E sollevare delicatamente ogni scivolo dal PBS, mantenendo le sezioni il più piatte possibile. Utilizzare due pennelli per appiattire delicatamente e allungare ogni tessuto. E usa un tovagliolo di carta per tamponare l'acqua in eccesso.
Quindi montare le sezioni con un mezzo di montaggio appropriato e sigillare ogni coperchio scivolare con smalto chiaro. Le sezioni tissutali vengono esaminate per la presenza di lesioni da materia bianca e le regioni selezionate sono macchiate per l'attività immunitaria e la deyelinazione. Nelle lesioni acute di Sceloris multipli molti di questi assoni demieliniati agiscono come bulbi di retrazione assonale che riflettono le estremità prossimali degli assoni traslitti.

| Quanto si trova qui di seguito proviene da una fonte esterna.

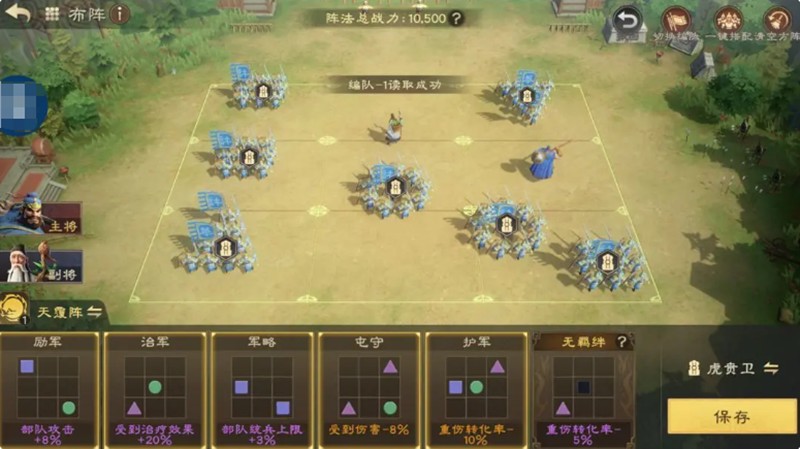 阵法选择对华佗的战力发挥至关重要,天覆阵是首选阵法,其技能释放后的概率治疗效果能与华佗的主动技能形成完美配合。如果没有天覆阵,长蛇阵也是不错的替代选择,虽然防御加成略低但获取难度较低。

La densità degli assoni transetti nelle lesioni acute supera i 11000 millimetri cubi nelle lesioni attive rispetto a soli 15 nelle regioni adiacenti di materia bianca non lesionale. Gli oligodendrociti appena generati sono presenti anche in molte lesioni croniche della SM. Questi processi si associano ma non mielitano gli assoni demielininati.
Una ricerca rappresentativa e imparziale dei cambiamenti del gene neuronale nel cortext motorio rapidamente congelato ottenuto da pazienti affetti da SM cronici, ha identificato riduzioni significative in 23 studi di credenziali del messaggero mitocondriale nucleare e codificato utilizzando l'immunocitochimica e l'ibridazione in situ ha indicato che questi geni erano altamente arricchiti nei neuroni di proiezione corticale e che i mitocondri isolati dagli assoni di proiezione mostrano una glicolisi ridotta. Il confronto dell'espressione genica neuronodica negli ippocampi mielinati e demielinizzati rivela riduzioni degli RNA messaggero neuronali, comprese le proteine coinvolte nella memoria e nell'apprendimento. Inoltre, rispetto alle cortici di controllo, la perdita neuronale corticale è significativamente maggiore in una sottostima di pazienti affetti da SM che hanno demielinazione del midollo spinale e cortext cerebrale ma non della materia bianca cerebrale.
Durante la lavorazione dei tessuti, assicurarsi che quando le sezioni coronali vengono tagliate vengono tagliate in modo coerente rispetto allo spessore e all'orientamento. E che giacciono piatti quando galleggiano in un fissatore o quando congelati. Oltre all'analisi immunoistochimica, la raccolta dei tessuti congelati ci offre l'opportunità di condurre analisi genetiche e proteomiche.
Queste tecniche hanno aiutato nell'identificazione di una nuova coorte di pazienti affetti da SM con lesioni cerebrali da materia bianca sulla risonanza ma senza alcuna deyelinizzazione significativa della materia bianca. Definito MS mielocorticale.